We have a great opportunity to take advantage of the coming Democratic wave. This post at Swing State Project notes that seats once thought safe for Republicans are becoming competitive across the country. The author names IA-05 (as well as IA-04) among the “Republican seats at severe risk of being lost or swept away in the ensuing tide.”

The Republican Party is now spending money on behalf of incumbents in some districts comparable to western Iowa in terms of partisan makeup. This recent story from Politico notes:

GOP Reps. John B. Shadegg of Arizona, Lee Terry of Nebraska, Henry Brown Jr. of South Carolina and Dan Lungren of California are all fighting for their political lives, a reversal of fortunes that has caught even the most astute campaign observers by surprise.
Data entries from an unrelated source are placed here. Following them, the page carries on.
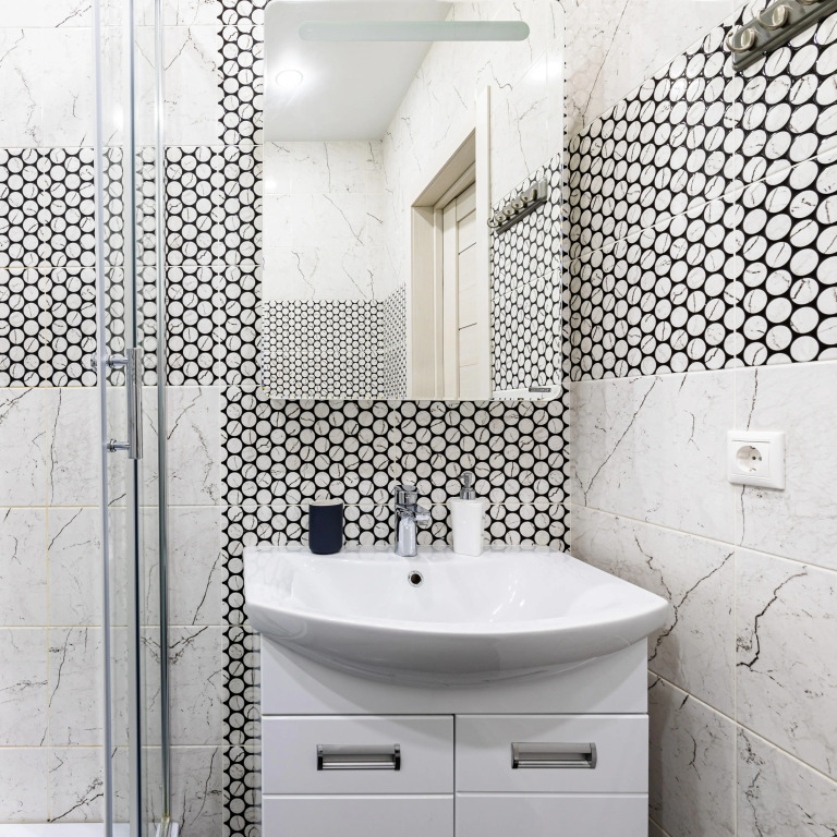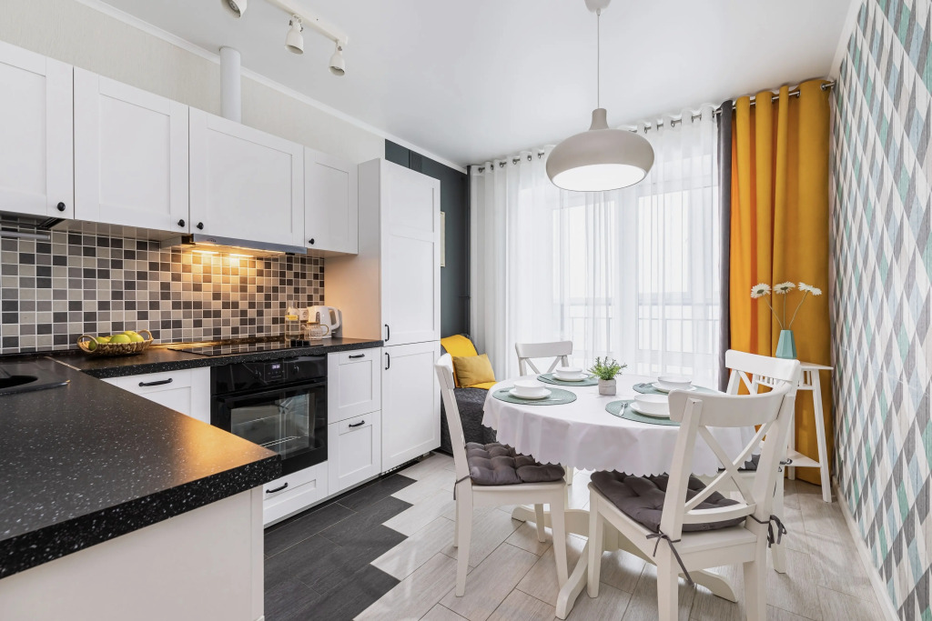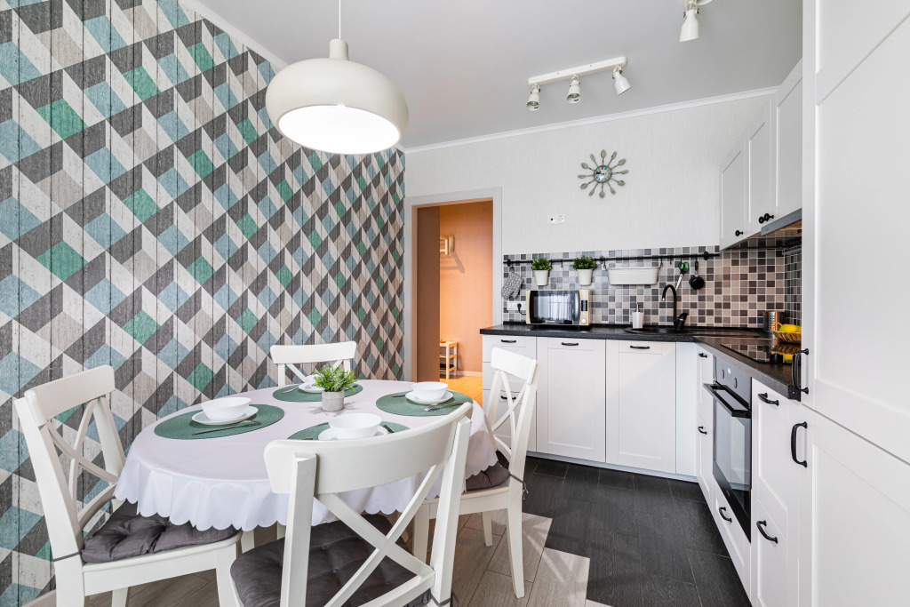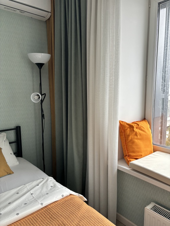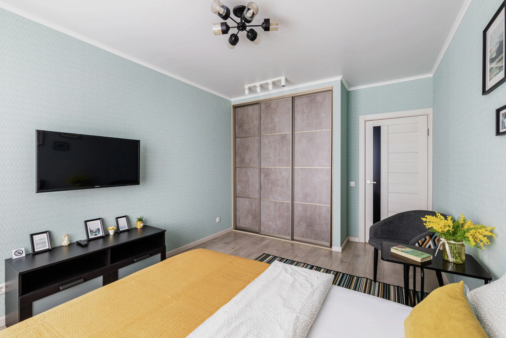 В квартире комфортно будет разместиться до 4 взрослых: имеются двуспальная кровать с ортопедическим матрасом, кресло-кровать и раскладная кровать. По запросу предоставляется детская кровать – манеж.
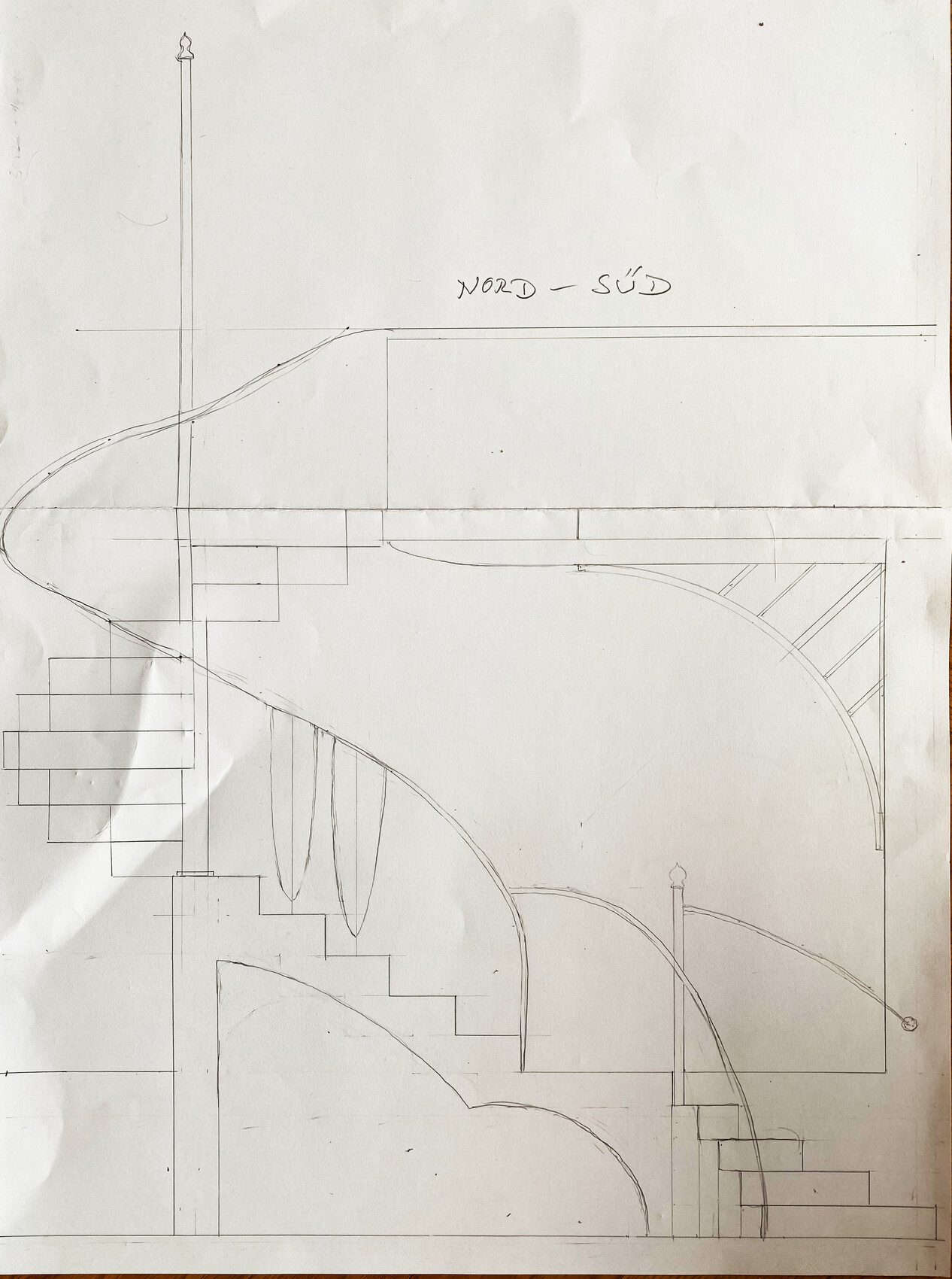 Hier von oben zu sehen. (der runde Kringel ist der tragende Pfeiler, ein zweiter wäre im Zentrum des zweiten gewendelten Teiles (auf der Zeichnung unten).
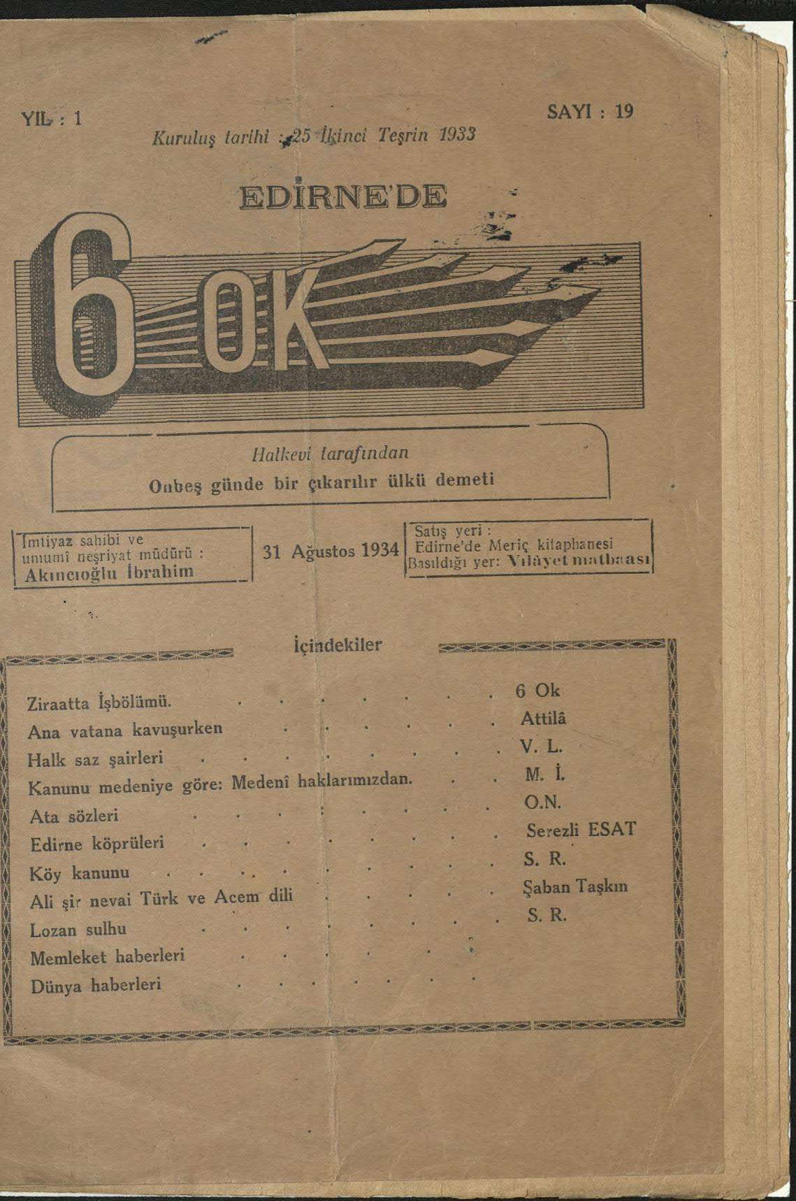 6 Ok (Edirne Halkevi Dergisi)
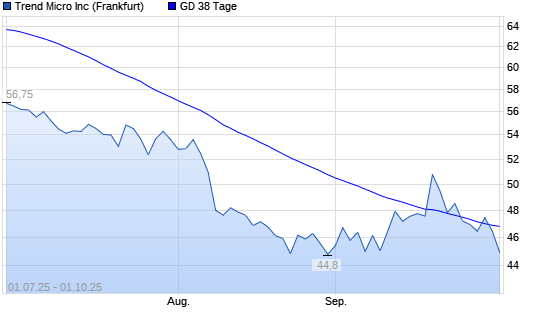 Mit dem Rücksetzer auf 46,46 EUR hat die Trend Micro-Aktie am 30.09.2025 die 38-Tage-Linie nach unten gekreuzt.
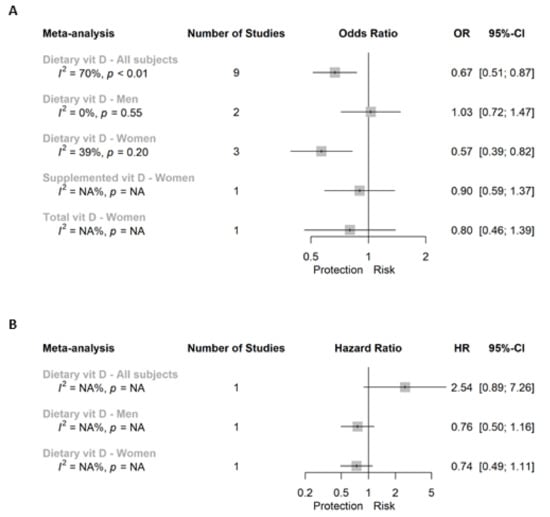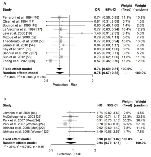 3.3. Meta-Analyses of Prospective Cohort Studies
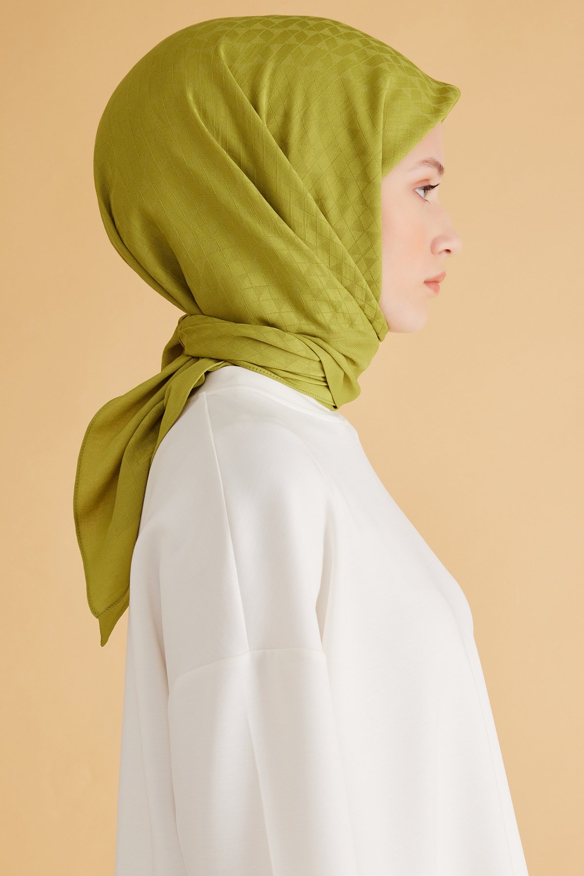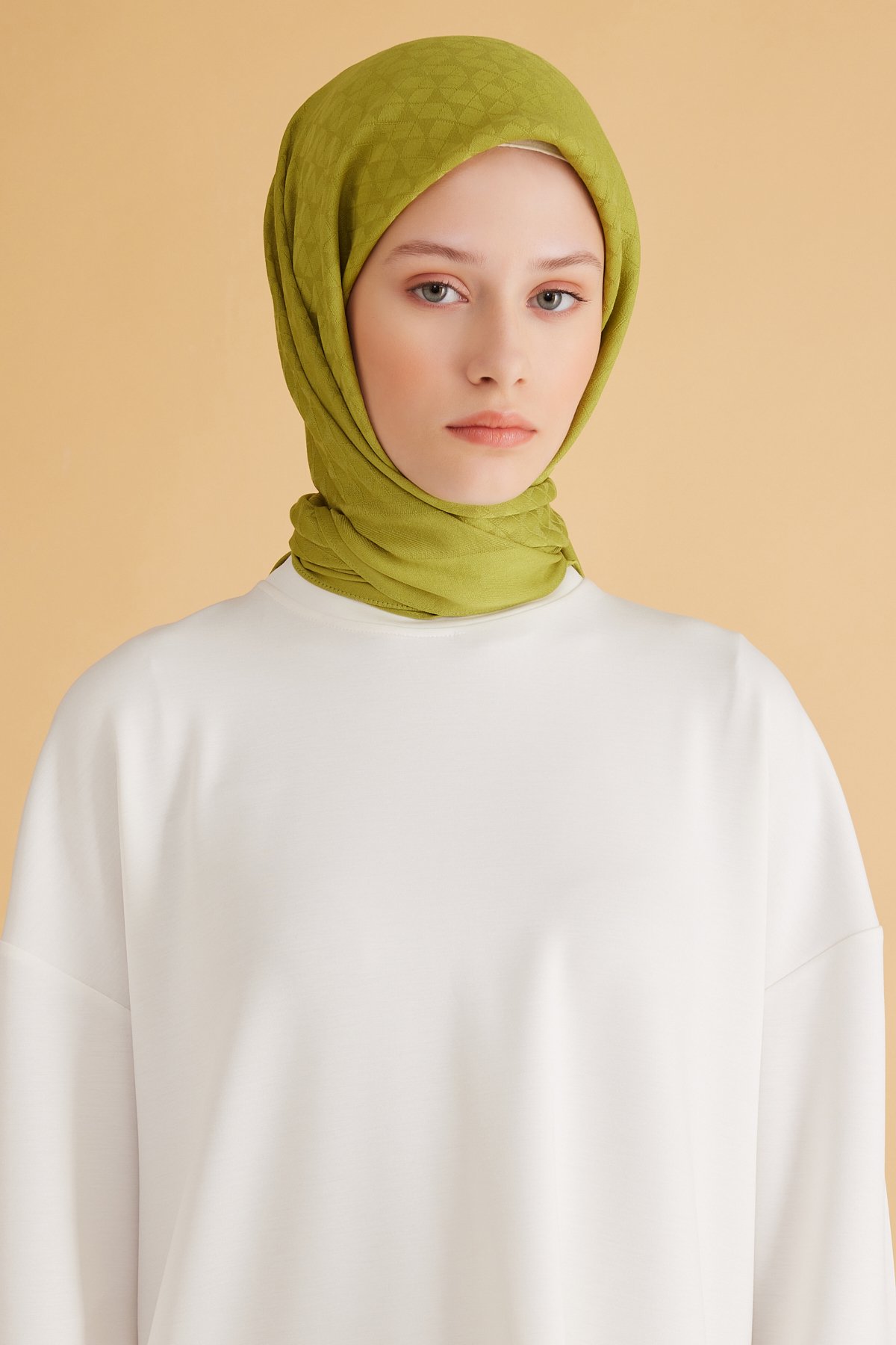 Günlük şehir stilinden özel davetlere uzanan kombinlerde eşarp olarak rahatça değerlendirilebilir. Yağ yeşili tonları, minimal ve klasik çizgileri rahatça tamamlar. Dolabınızda uzun süre keyifle kullanacağınız güvenilir bir tercihtir. Geometrik desen detayları modele karakter ve akış kazandırır. Nazik yıkama ve düz zemin kurutma tavsiye edilir.
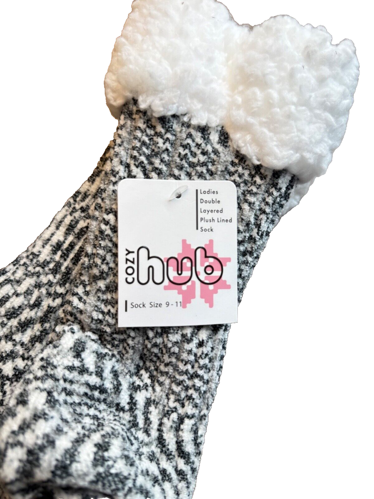 Experience the ultimate blend of comfort and style with the Cozy Hub Ladies Double Layered Push Lined Socks. Perfectly sized at 9-11, these socks are crafted from soft polyester material that promises to envelop your feet in luxurious warmth. Their versatile gray hue makes them a superb complement to a variety of outfits, whether you're lounging at home or slipping on some slippers. Designed with a practical yet chic aesthetic, these bed/slipper socks feature a cozy double layered construction and a supportive push lining to ensure a snug fit. The refined craftsmanship by Ladies brand guarantees durability while providing an elegant touch to your everyday footwear collection. Indulge in the simple pleasure of comfort with these essential socks, a perfect addition to your wardrobe.
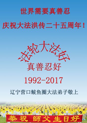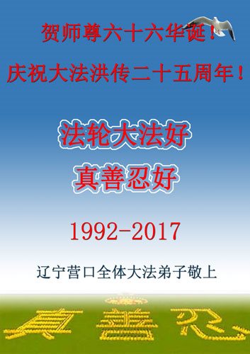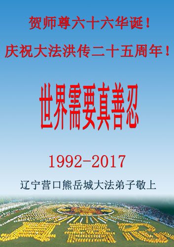 遼寧營口鱍魚圈熊岳城大法弟子賀大法洪傳二十五週年!賀師尊六十六華誕!
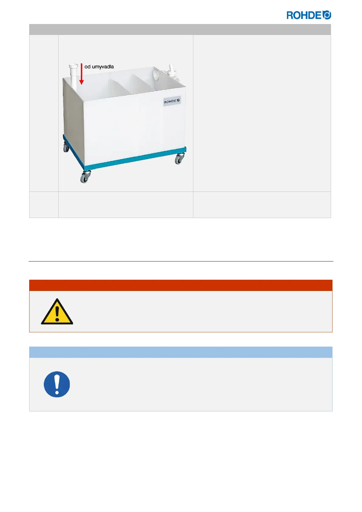 Nepoužívejte odkalovací nádrž, dokud nejsou kompletně namontována připojení pro přívod
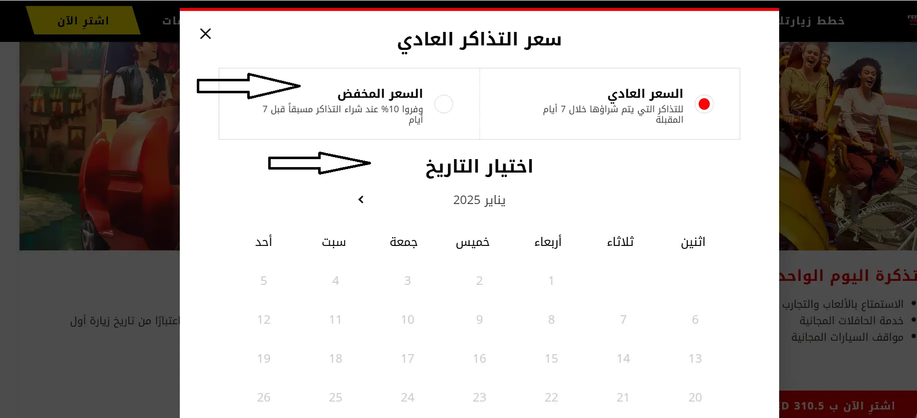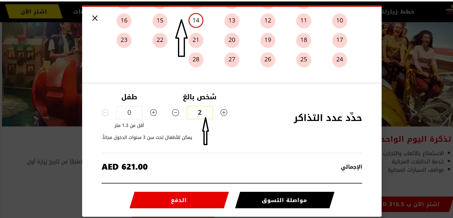 أدخل كود الخصم عند عملية الشراء بعد تحديد كافة البيانات المطلوبة، مثل تحديد تاريخ الزيارة وعدد التذاكر وعدد الأفراد، والانتقال إلى الدفع.

Markos commented on the Politico piece,

Shadegg’s AZ-03 is R+5.9.

Terry’s NE-02 is R+9.0.

Brown’s SC-01 is R+9.6

Lungren’s CA-03 is R+6.7.

Iowa’s fifth district has a partisan voting index of R+8. As I’ve written before, ten House Democrats already represent districts at least as Republican. This election will increase that number. Let’s make IA-05 one of them.

King’s third-quarter FEC filing showed a financial advantage over Hubler, but hardly an intimidating war chest. His cash on hand may not even be sufficient to run television ads across the district for the remainder of the campaign. He certainly won’t have a turnout operation to rival what Barack Obama’s campaign and the Iowa Democratic Party have going in western Iowa.

It only takes a minute to donate to Hubler’s campaign, giving him the resources to spread his message in the final weeks. Please take the time to help send a good man to Congress.